M. Ali KAYA
Gençlerimize öğrettiğimiz her şeyde bizden bir parça vardır. Gençlerimizi geleceğe hazırlamak yerine kendi zamanlarımıza çekerek onlara kötülük yaptığımızın farkında olmayız. Değişen ve gelişen dünyaya ayak uydurmayan biz yaşlılar gençlerin de önünü tıkayarak gençlere ikinci bir kötülük daha yaparız. Şunun farkında olmalıyız çocuklarımız ve gençlerimiz kesinlikle bizden farklı olacaklardır. Zira onlar farklı zamanların ve farklı kültürlerin adamlarıdır. Bunu kabullenmemiz gerekir. Bu nedenle çocuklarımızı bizim gibi olmalarını değil, kendileri gibi, istidat ve kabiliyetlerine göre olmaları gerektiği şekilde olmalarını sağlamalıyız. Kabiliyetlere değer verenler başkalarını oldukları gibi kabul ederler. Olması gereken kabiliyetlere göre gelişimlerinin sağlanmasıdır. Çocuklar bedensel, gençler ise ruhsal gelişim ve değişim yaşarlar. Aileler eğitimde “geliştirme” yerine “değiştirme” üzerine odaklanırlar.
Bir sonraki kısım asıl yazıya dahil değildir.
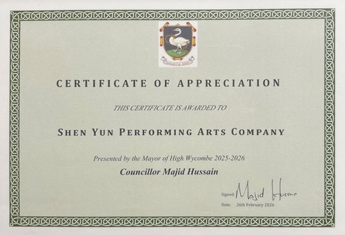 (Minghui.org) شرکت جهانی هنرهای نمایشی شن یون در 21 فوریه 2026 در تئاتر سوان وایکام در های وایکام، انگلستان، در سالنی مملو از جمعیت اجرا کرد. شهردار مجید حسین به خاطر عملکرد برجسته و کمک فرهنگی به جامعه محلی یک گواهینامه قدردانی به این شرکت اهدا کرد.

Bu nedenle hep yanlışları ve eksikleri görürler. Gelişim destek ve anlayış gerektirir. Bu nedenle çocuklarımızın ve gençlerimizin desteğe ve anlaşılmaya ihtiyaçları vardır.
Eğitim destek olmayı, yol göstermeyi, bilgi vermeyi, model olmayı ve uygun ortamları sağlamayı içermelidir. Bu da açık olmak, dürüst olmak ve sözlerimizle eylemlerimizin birbirine uygun olmasına bağlıdır. Çünkü gençler bizim sözlerimizden çok uygulamalarımıza bakarlar. Aralarında görülen uyuşmazlıklar gençlerin güvenini ve inancını sarsar.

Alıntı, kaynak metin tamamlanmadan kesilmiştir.